Nice share. Some I had but some I didn't. All mine have bullyson.


----------



## Firehazard (Dec 4, 2009)

Hoagie is Smiths Ch Hog, Halls:Brujo, LaBruha, Spike, and Morfins Afogutu .. on top.. all in which were made up of stacking bullyson ..


----------



## Diggit (Jan 24, 2011)

CH kannon the male I just used is 28X bullyson and you can really tell in him and his family members lol. 

didnt count how many times bunny was bullyson but shes a lot as well... shes got midnight cowboy about 20x. im sure theres more bullyson behind that boyles infusion she has.

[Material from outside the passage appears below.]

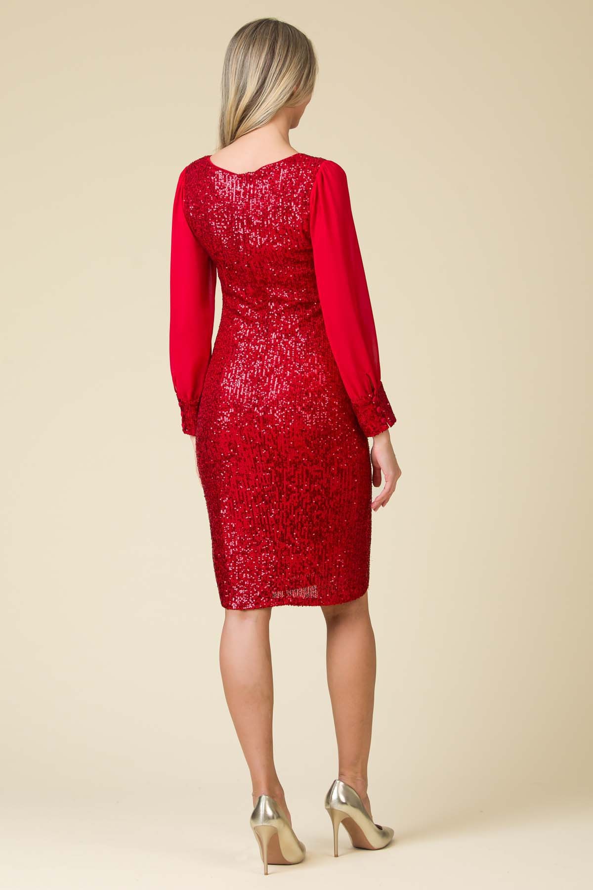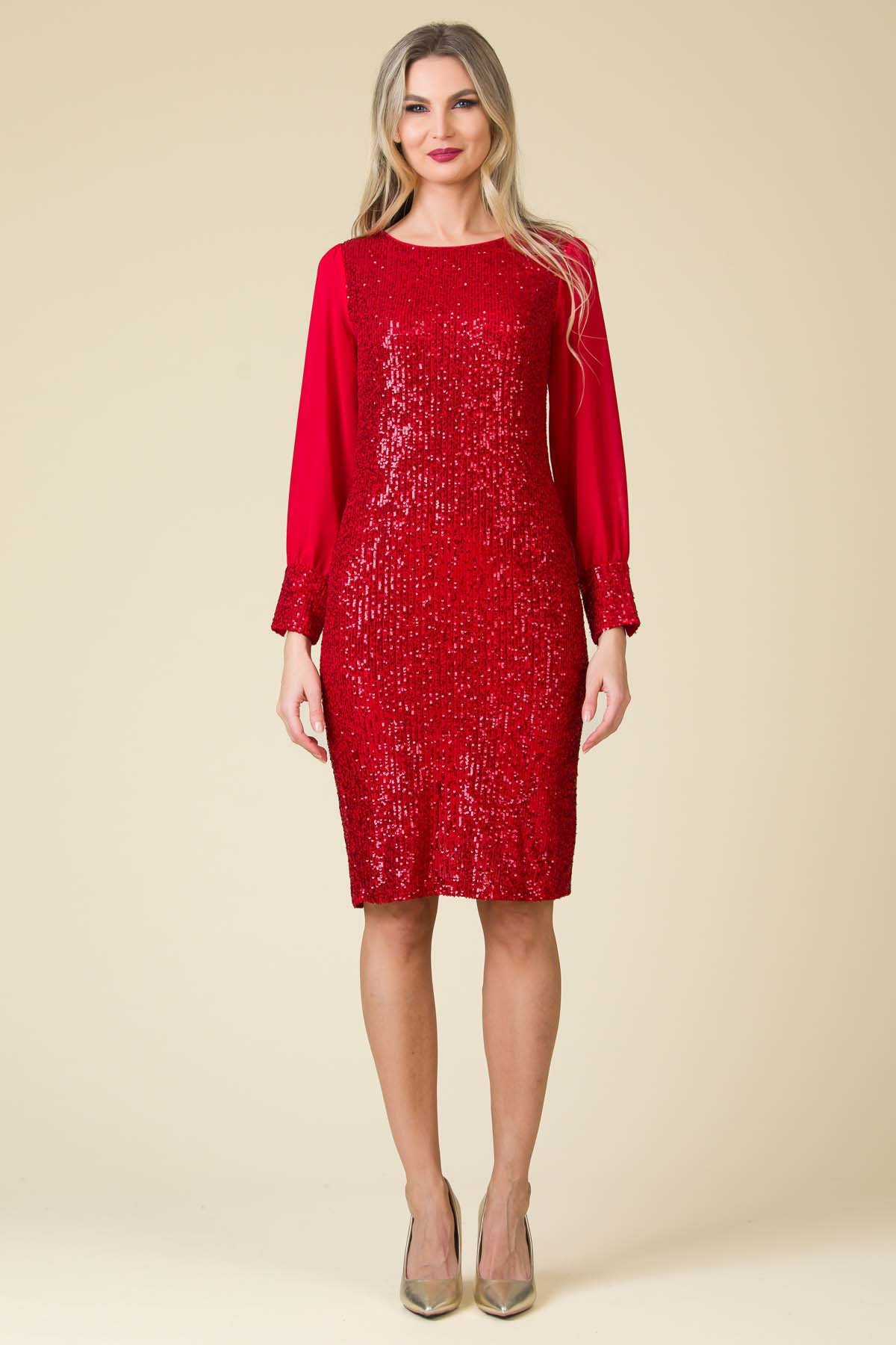 Rochie de ocazie Precious, din tesatura pretioasa cu paiete, croi feminin cu maneci din voal si mansete contrast cu nasturi delicati. Tesatura necesita spalare cat mai delicata, recomandam spalare manuala, fara storcere.

its nice to see the similarities from way back still in there


----------



## APASA (Dec 27, 2010)

I've read the Rio Pitbulls Bloodline Stories. Loved em. Mayday's and Bullyson's were my favorites along with either GR CH or CH "35"


----------



## 9361 (Jun 25, 2009)

Great pics. I like the bullyson blood I have seen.


----------



## Sucker For A Rednose (Sep 11, 2011)

Very nice pics everyone,
great to see some history thrown down!


----------



## michelle (Feb 12, 2014)

Nice photos. When I was a kid, we had 2 of Bullyson's granddaughters. That is a fact.


----------